Ist es nicht auch Aufgabe der Marken, gesellschaftliche Verantwortung zu übernehmen und zu versuchen, die Welt wenigstens ein bisschen zu verbessern?
Ja, auf jeden Fall. Jedoch: Momentan überbieten wir uns in Absichtserklärungen und schönen Bildern, Mottowagen und Festivitäten und sicherlich so manchem engagierten Projekt. Ich möchte keinem Purpose-Verantwortlichen Ernsthaftigkeit und Überzeugung absprechen. Jedoch: Letztlich ist der Sinn eines Unternehmens immer noch die Produktleistung, mit der es Geld verdient. Einige machen dies auf eine herausragend sinnhafte Weise, die meisten eher konventionell. Jedoch: Ein Unternehmen, das durch gute Kommunikation in die Lage versetzt wird, ordentliches Geld zu verdienen, damit seine Mitarbeiter gut zu bezahlen, die Lieferanten anständig zu entlohnen und zu behandeln und seine Steuern vor Ort zu bezahlen, übernimmt massiv soziale Verantwortung. Ganz konkret. Ganz real. Das macht zwar keine Schlagzeilen in der Zeitung oder kaum «Thumbs up» in den sozialen Netzwerken, aber es ist ungemein wirkungsvoll. Wir sollten das Profitshaming ablegen. Profite können Gutes bewirken.

Das wichtigste Kürzel der Werber lautet «ESG», also Environmental, Social, Governance, zu Deutsch Umweltschutz, Soziales und verantwortungsvolle Unternehmensführung. Wie kam es überhaupt so weit?

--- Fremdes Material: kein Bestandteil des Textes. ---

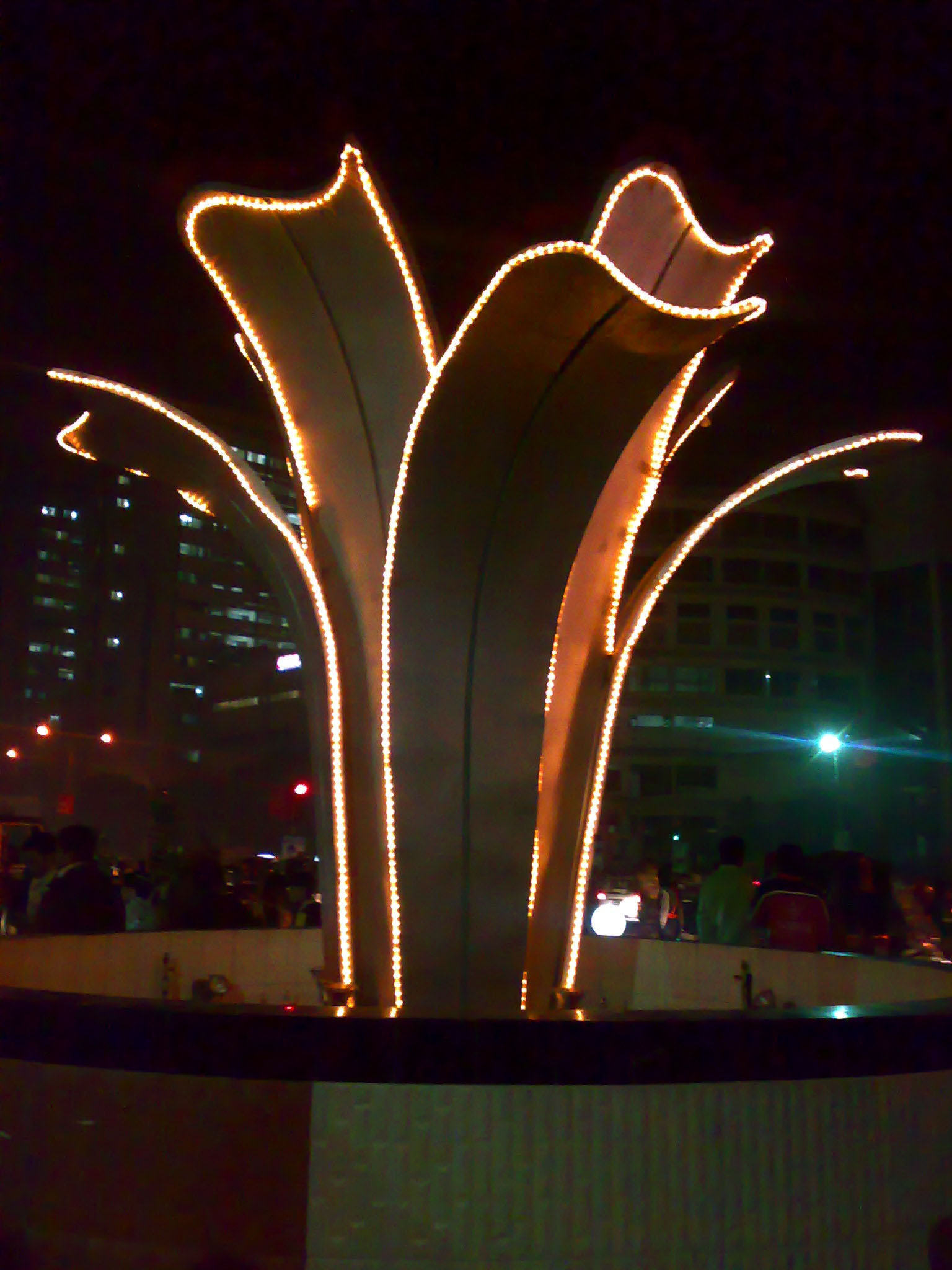 Shahbagh Chattar night view Dhaka on 16th December, 2011

«ESG» ist inzwischen der globale Transformationsprozess der Wirtschaft. Im Zuge der wichtigen Bemühungen der Weltgemeinschaft um den Klimaschutz und globale Gerechtigkeit haben wir seit gut 20 Jahren Vorgaben, die den Umbau der Wirtschaft nach überprüfbaren Kriterien voranbringen sollen. Wer nicht «ESG» folgt, läuft Gefahr, wirtschaftliche, regulatorische und steuertechnische Nachteile im operativen Geschäft zu haben oder beispielsweise keine staatlichen Aufträge mehr zu erhalten. Das ist politisch gewollt und hat zu einer gewaltigen ESG-Industrie geführt: Audit-Unternehmen, Agenturen und Berater, die Unternehmen auf ihren Weg durch einen komplexen Dschungel an Parametern und Vorgaben begleiten. Ein Megageschäft. Kritisch ist zumindest die Frage, inwieweit politische Zielsetzungen in das operative Geschäft eines Unternehmens eingreifen dürfen, beispielsweise, wenn ich eine Frauenquote für ein Managementboard politisch festlege.

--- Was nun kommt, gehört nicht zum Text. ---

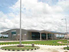 coochbehar airport
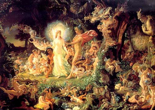 The Quarrel of Oberon and Titania

Früher verkaufte die Werbung ein Auto, heute Klimaschutz, schreiben Sie im Buch. Wünschen Sie sich die alte Werbewelt zurück?

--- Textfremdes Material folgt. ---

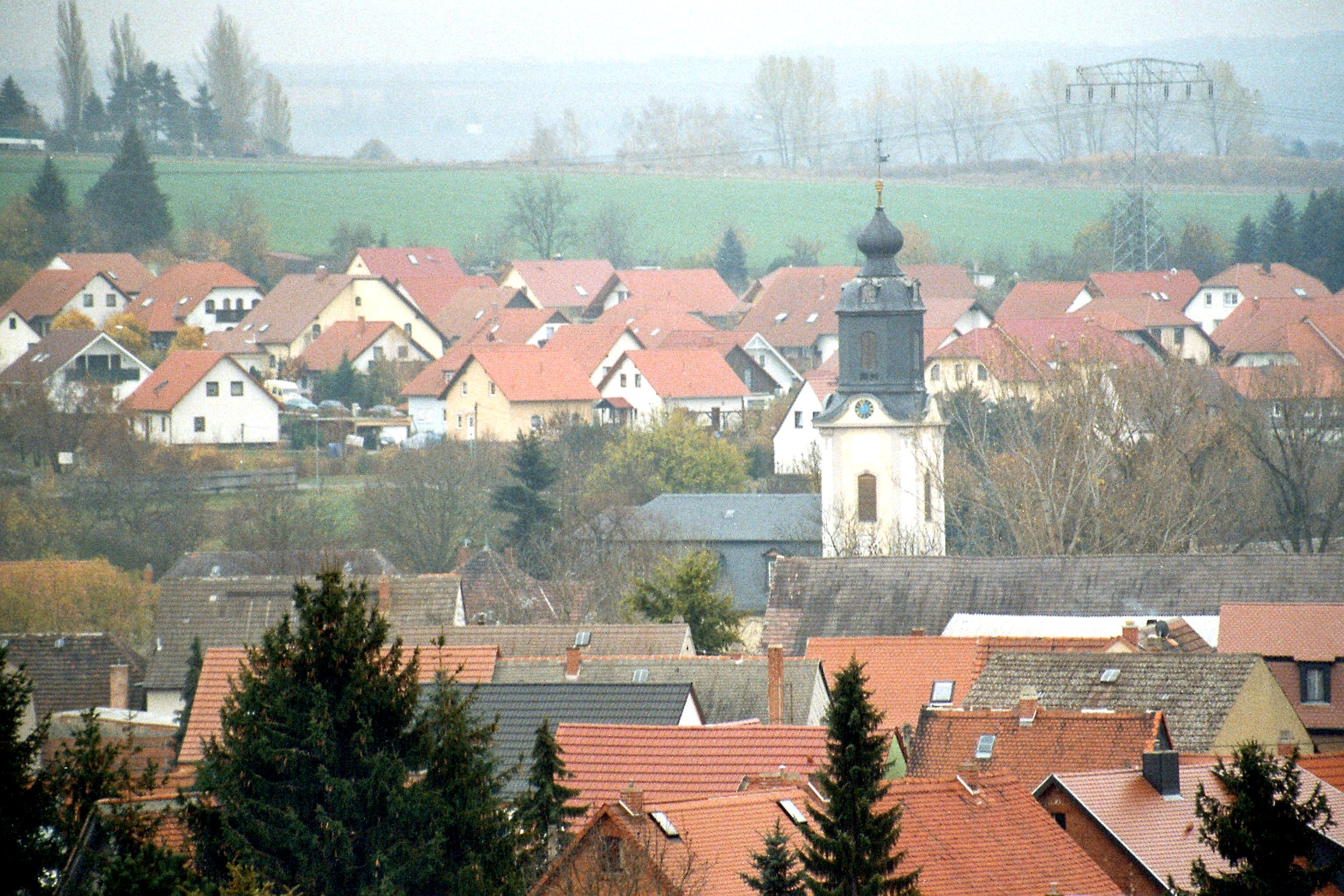 View to the village Niederroßla and to the village church (telephoto)

Nein, ich wünsche mir mehr Wahrhaftigkeit, vielleicht sogar etwas wie professionelle Demut. Ich wünsche mir eine Werbung, die sich als das sieht, was sie im Kern immer war, ist und sein wird: ein Mittel, um mehr zu verkaufen. Indem sie Themen aufgreift, die nur noch am Rand mit der eigentlichen Leistung zu tun haben und nicht der eigentliche Kaufgrund sind, schadet sie sogar ihrem eigenen edlen Ansinnen: Werbung zeichnet eine Realität, die es so noch nicht gibt und wiegt uns so in einer beruhigenden Sicherheit, die eine Änderung zu einem – wie auch immer – «Besseren» verhindert. Beschaut man sich einen Grossteil der Werbung heute, dann hat man den Eindruck, wir haben alle Probleme bereits gelöst und wir müssen nichts mehr ändern. Wie bequem. Die ganze Welt bleibt, wie sie ist … nur in Grün und unter einem Regenbogen. Das wird nicht funktionieren. Ein Trugschluss. Die wahre Änderung heisst Konsumreduzierung – wollen wir und unsere Kunden das wirklich?



Das Buch «Werbung für den Zeitgeist – Wenn bunte Kampagnen in Wirtschaft und Politik die Wirklichkeit ignorieren» ist im Langen Müller Verlag erschienen.